Do you have a link for them or a way to contact them / view the stock? I agree it would be worth it, though I'll still ask if the store 40 mins from me has the saulosi in stock or can get them for me.


----------



## nauTik (Mar 18, 2009)

PM sent for the stores.


----------



## DJRansome (Oct 29, 2005)

Just to throw in another opinion, I probably would want to bump the pH up to at least 7.6. But I don't know of anyone keeping them with success below that and I have not tried it, so it would be more of a safety measure I would take.

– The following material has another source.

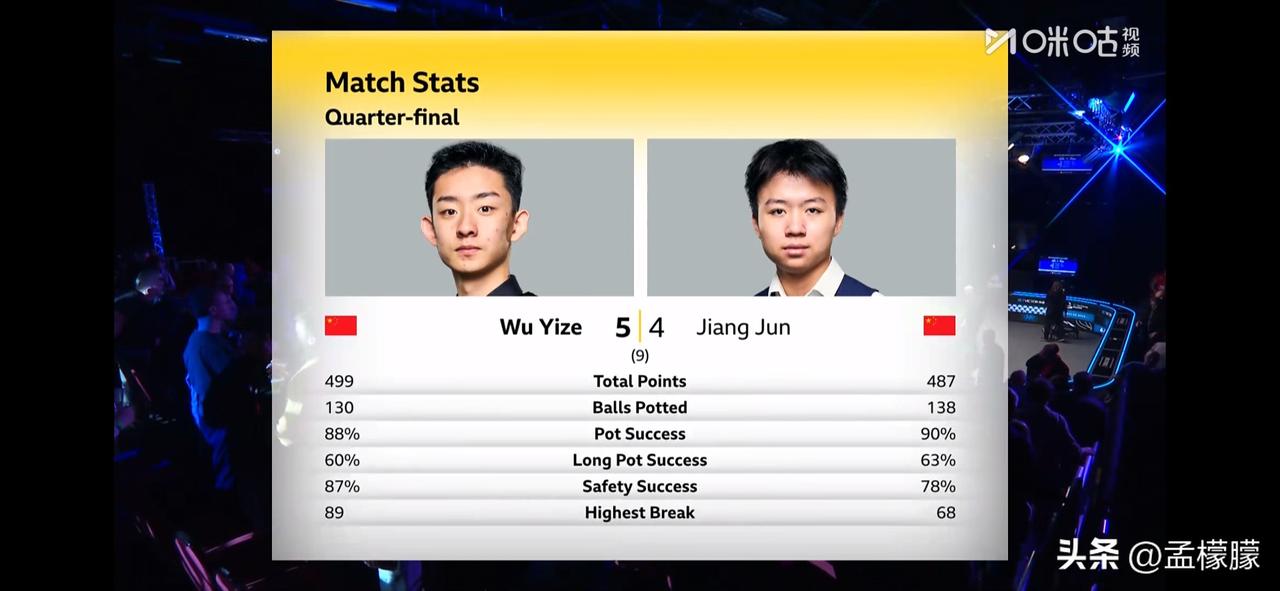 北京时间2月28日讯,2026斯诺克威尔士公开赛8进4轮次的比赛,吴宜泽VS江俊,吴宜泽 1-4落后,83、64、89、77连扳四局,5-4逆转战胜本届黑马江俊,晋级四强,半决赛对阵四强常客霍金斯。 决胜局,江俊37:12时,出现心理波动,进攻黑球出现重大失误,吴宜泽上手清台。 其他1/4决赛比赛,霍金斯5-3萝卜,小司机5-2宾汉姆,周跃龙0-5希金斯。 半决赛对阵: 希金斯🆚小司机 吴宜泽🆚霍金斯 半决赛只要小司机战胜希金斯,小司机就可获得本土系列赛15万英镑额外奖金。 斯诺克 一起聊聊斯诺克 威尔士公开赛周跃龙 希金斯 斯诺克四强

Try crushed coral in your filter, but you might need baking soda.

And yes, it is important to keep it absolutely consistent.

I did not have luck with tetras with my cichlids. It was gradual (over a year) but eventually they were harrassed enough that they died off.

Fish will commonly school when they are new to a tank, even those not known to form shoals. Once they settle in (month or two) the schooling behavior may disappear.


----------



## Chubbs the Jellybean (Jun 16, 2009)

hey all, since the last post i've added "Eco-Complete African Cichlid Substrate" to the tank, its very cloudy but i figure after a few days and a good water change it'll clear up pretty good and it should hold my pH around 8.0


----------



## GotCichlids? (May 21, 2010)

And your fish stock?


----------



## nauTik (Mar 18, 2009)

Chubbs the Jellybean said:


> hey all, since the last post i've added "Eco-Complete African Cichlid Substrate" to the tank, its very cloudy but i figure after a few days and a good water change it'll clear up pretty good and it should hold my pH around 8.0


Did you give it a good rinse before adding it to the tank? You may have issues with it causing cloudyness even after it settles if you didn't. For example during water changes and cleaning.


----------



## Chubbs the Jellybean (Jun 16, 2009)

nauTik said:


> Chubbs the Jellybean said:
> 
> 
> > hey all, since the last post i've added "Eco-Complete African Cichlid Substrate" to the tank, its very cloudy but i figure after a few days and a good water change it'll clear up pretty good and it should hold my pH around 8.0
> ...


Really? Wonderful. The bag said to not rinse, I hope I don't end up with these problems.....

And in response to the fish stock question, I haven't stocked it yet, waiting on two boxes of cichlid stones to be delivered before I stock


----------



## Chubbs the Jellybean (Jun 16, 2009)

So since that time, I've gotten two 3-packs of cichlid stones, added some PVC Pipe corners, and had my pH buffered to 8.0 by the crushed coral consistent for about a week and a half. I've done 2 water changes, the tank is cloudy after the water change i just did, but seems to be clearing up as the days pass.

Fish soon hopefully. And also the Featherfin Catfish (Synodontis eupterus) is thriving and his fins are on full display


----------